[Recorded information Boundary: Start]

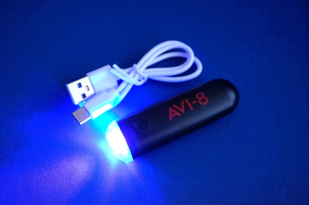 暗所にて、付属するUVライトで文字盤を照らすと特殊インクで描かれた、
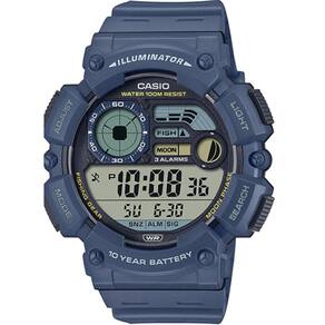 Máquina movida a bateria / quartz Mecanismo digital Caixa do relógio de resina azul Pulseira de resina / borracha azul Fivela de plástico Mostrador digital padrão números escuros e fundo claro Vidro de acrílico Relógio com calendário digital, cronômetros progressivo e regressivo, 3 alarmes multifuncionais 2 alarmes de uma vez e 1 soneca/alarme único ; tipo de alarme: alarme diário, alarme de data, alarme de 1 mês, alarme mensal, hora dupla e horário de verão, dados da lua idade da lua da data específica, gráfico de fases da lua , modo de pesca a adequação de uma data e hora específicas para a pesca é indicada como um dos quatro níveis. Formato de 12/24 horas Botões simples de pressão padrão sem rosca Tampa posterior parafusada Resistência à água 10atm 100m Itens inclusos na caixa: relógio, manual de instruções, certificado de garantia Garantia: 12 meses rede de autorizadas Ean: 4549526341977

[Recorded information Boundary: End]
[Recorded information Boundary: Start]

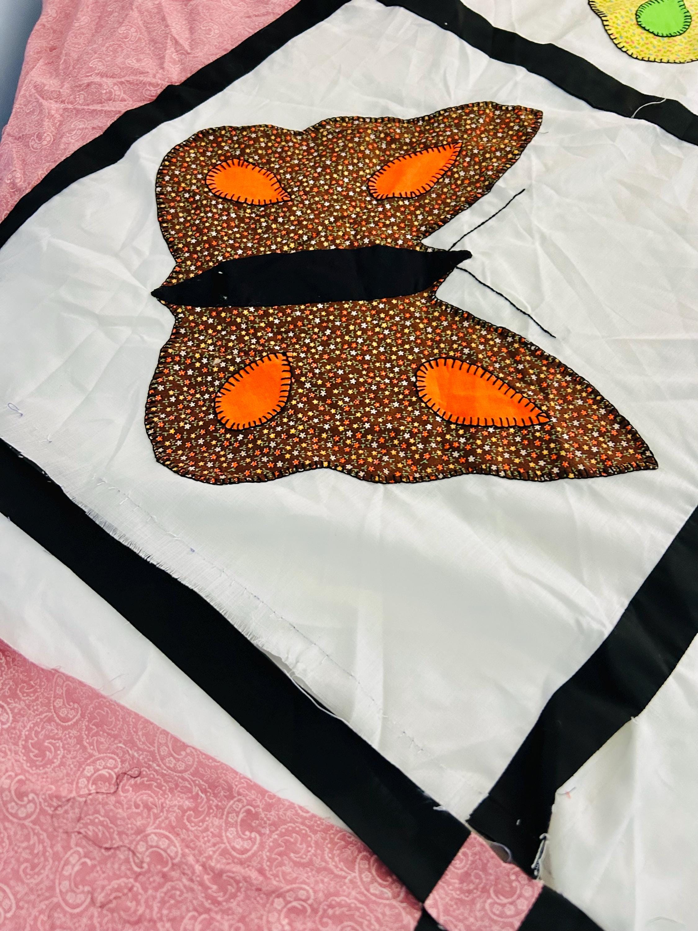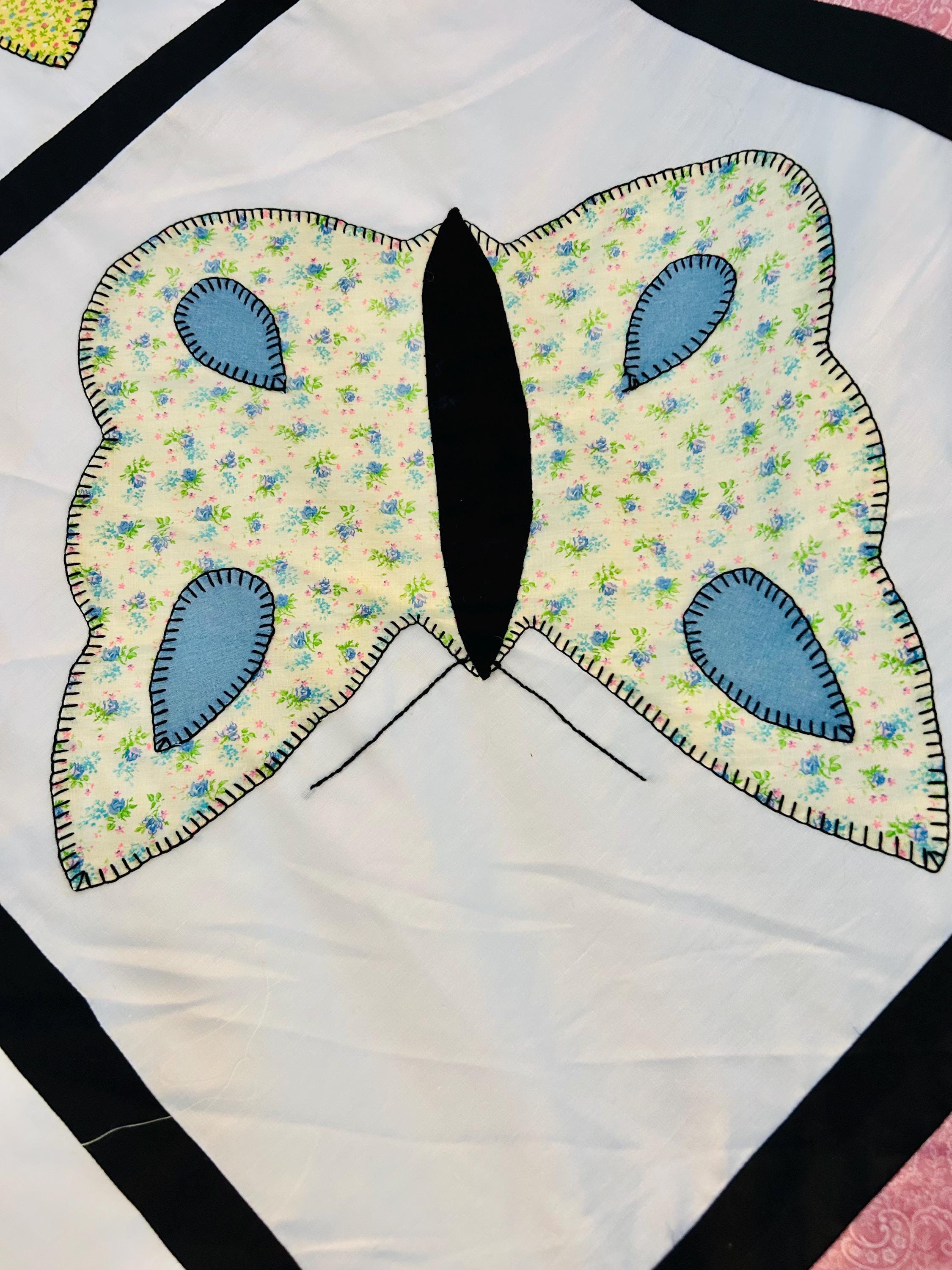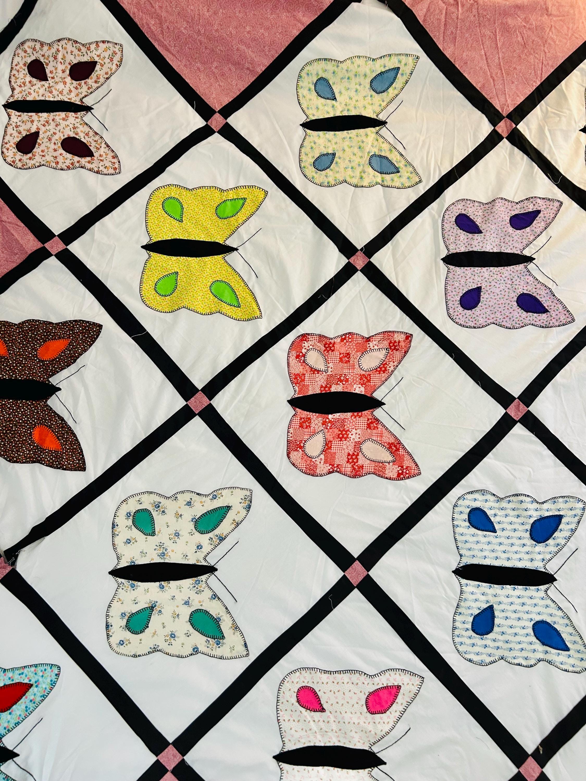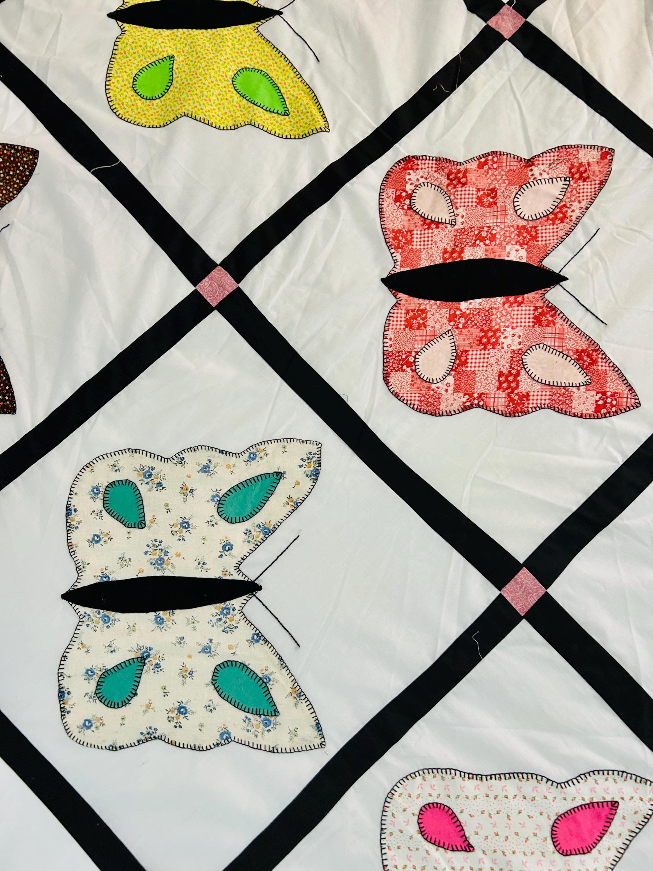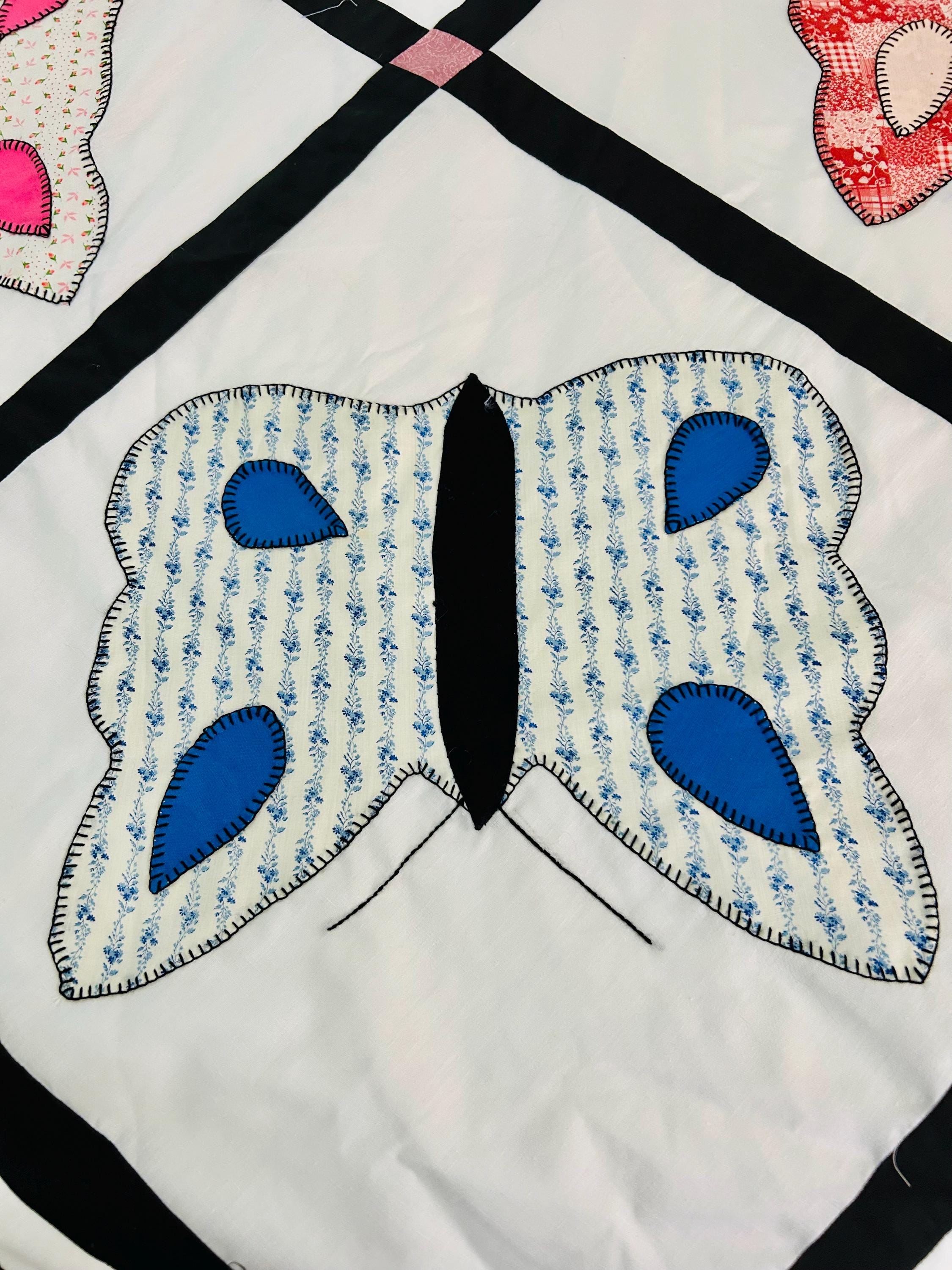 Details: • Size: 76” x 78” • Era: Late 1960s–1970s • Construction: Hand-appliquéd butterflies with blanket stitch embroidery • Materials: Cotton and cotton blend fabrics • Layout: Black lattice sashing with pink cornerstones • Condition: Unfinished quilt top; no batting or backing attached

[Recorded information Boundary: End]
[Recorded information Boundary: Start]

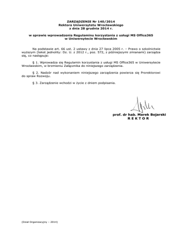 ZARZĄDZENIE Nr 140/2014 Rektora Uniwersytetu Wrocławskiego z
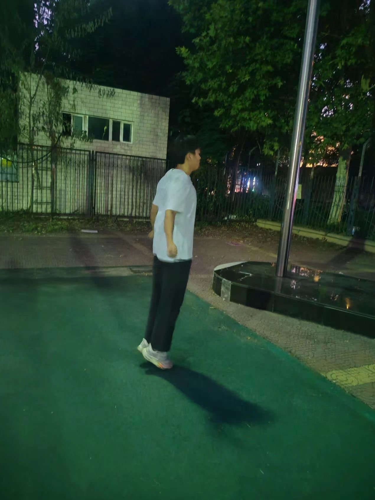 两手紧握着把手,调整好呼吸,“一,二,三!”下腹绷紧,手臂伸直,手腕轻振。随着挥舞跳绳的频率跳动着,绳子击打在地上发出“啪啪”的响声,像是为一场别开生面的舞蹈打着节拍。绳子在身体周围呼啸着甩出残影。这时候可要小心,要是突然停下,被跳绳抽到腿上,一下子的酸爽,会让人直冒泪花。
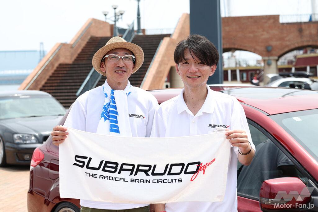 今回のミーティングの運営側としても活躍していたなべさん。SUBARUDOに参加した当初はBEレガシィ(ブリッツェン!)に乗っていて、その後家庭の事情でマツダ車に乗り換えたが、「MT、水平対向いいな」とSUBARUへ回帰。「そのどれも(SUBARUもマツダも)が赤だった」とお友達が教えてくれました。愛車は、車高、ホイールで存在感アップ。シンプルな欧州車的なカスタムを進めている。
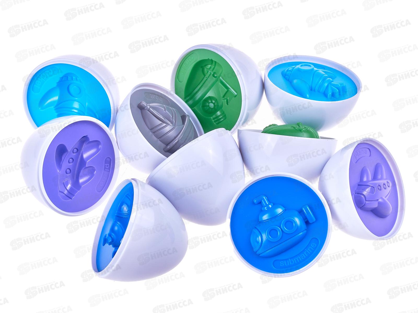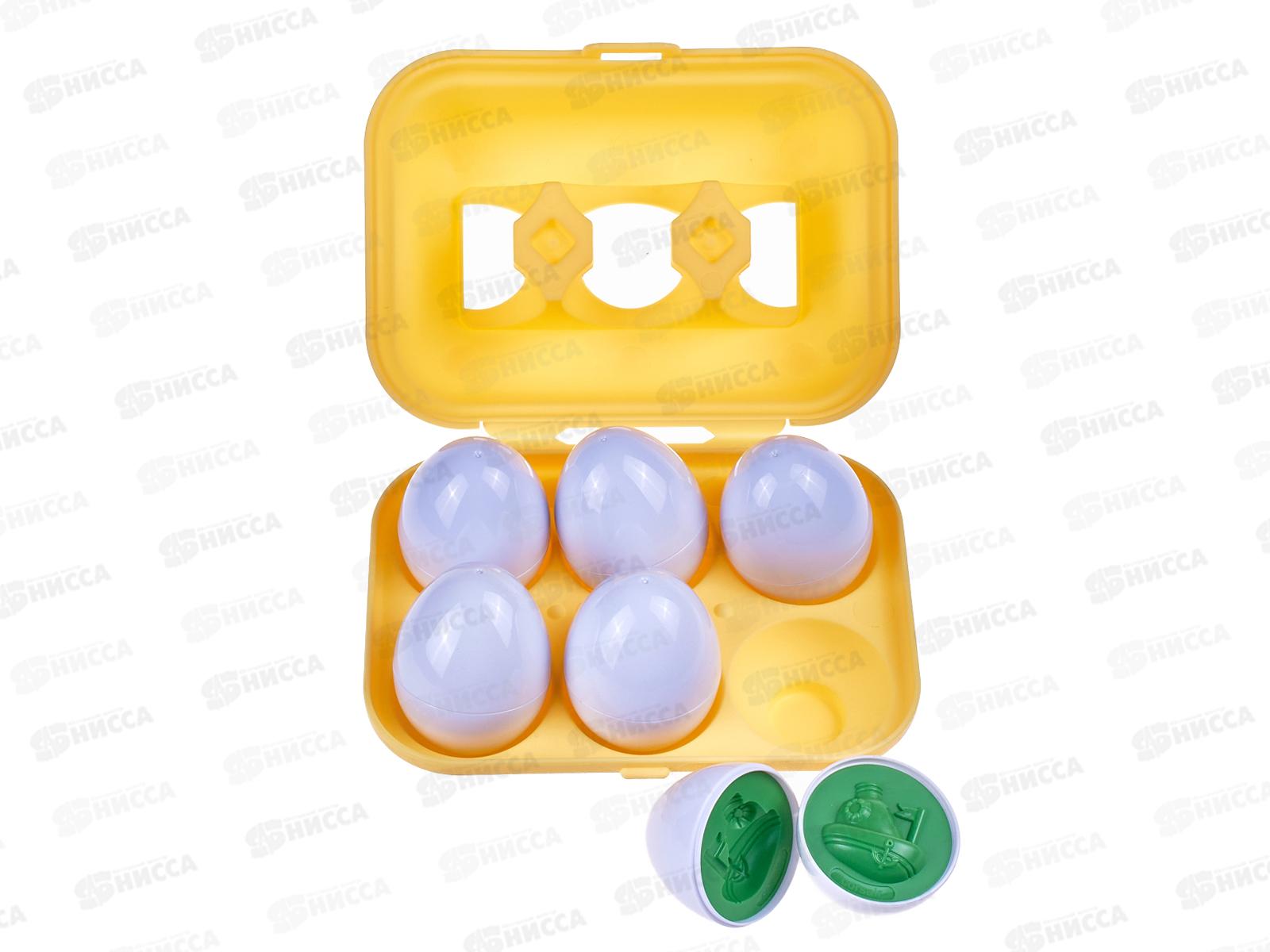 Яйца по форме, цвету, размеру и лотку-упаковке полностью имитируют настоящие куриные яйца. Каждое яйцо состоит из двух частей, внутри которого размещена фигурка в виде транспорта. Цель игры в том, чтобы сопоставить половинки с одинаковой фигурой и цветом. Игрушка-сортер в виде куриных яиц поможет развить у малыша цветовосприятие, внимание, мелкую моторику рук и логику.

[Recorded information Boundary: End]

**What you need to do**
Return exactly the part of the listing above that opens with the line containing "ZARZĄDZENIE Nr 140/2014" and closes with the line containing "Яйца по форме, цвету, размеру". Pictures stay out.

**Answer to this problem**
 ZARZĄDZENIE Nr 140/2014 Rektora Uniwersytetu Wrocławskiego z
 两手紧握着把手,调整好呼吸,“一,二,三!”下腹绷紧,手臂伸直,手腕轻振。随着挥舞跳绳的频率跳动着,绳子击打在地上发出“啪啪”的响声,像是为一场别开生面的舞蹈打着节拍。绳子在身体周围呼啸着甩出残影。这时候可要小心,要是突然停下,被跳绳抽到腿上,一下子的酸爽,会让人直冒泪花。
 今回のミーティングの運営側としても活躍していたなべさん。SUBARUDOに参加した当初はBEレガシィ(ブリッツェン!)に乗っていて、その後家庭の事情でマツダ車に乗り換えたが、「MT、水平対向いいな」とSUBARUへ回帰。「そのどれも(SUBARUもマツダも)が赤だった」とお友達が教えてくれました。愛車は、車高、ホイールで存在感アップ。シンプルな欧州車的なカスタムを進めている。
 Яйца по форме, цвету, размеру и лотку-упаковке полностью имитируют настоящие куриные яйца. Каждое яйцо состоит из двух частей, внутри которого размещена фигурка в виде транспорта. Цель игры в том, чтобы сопоставить половинки с одинаковой фигурой и цветом. Игрушка-сортер в виде куриных яиц поможет развить у малыша цветовосприятие, внимание, мелкую моторику рук и логику.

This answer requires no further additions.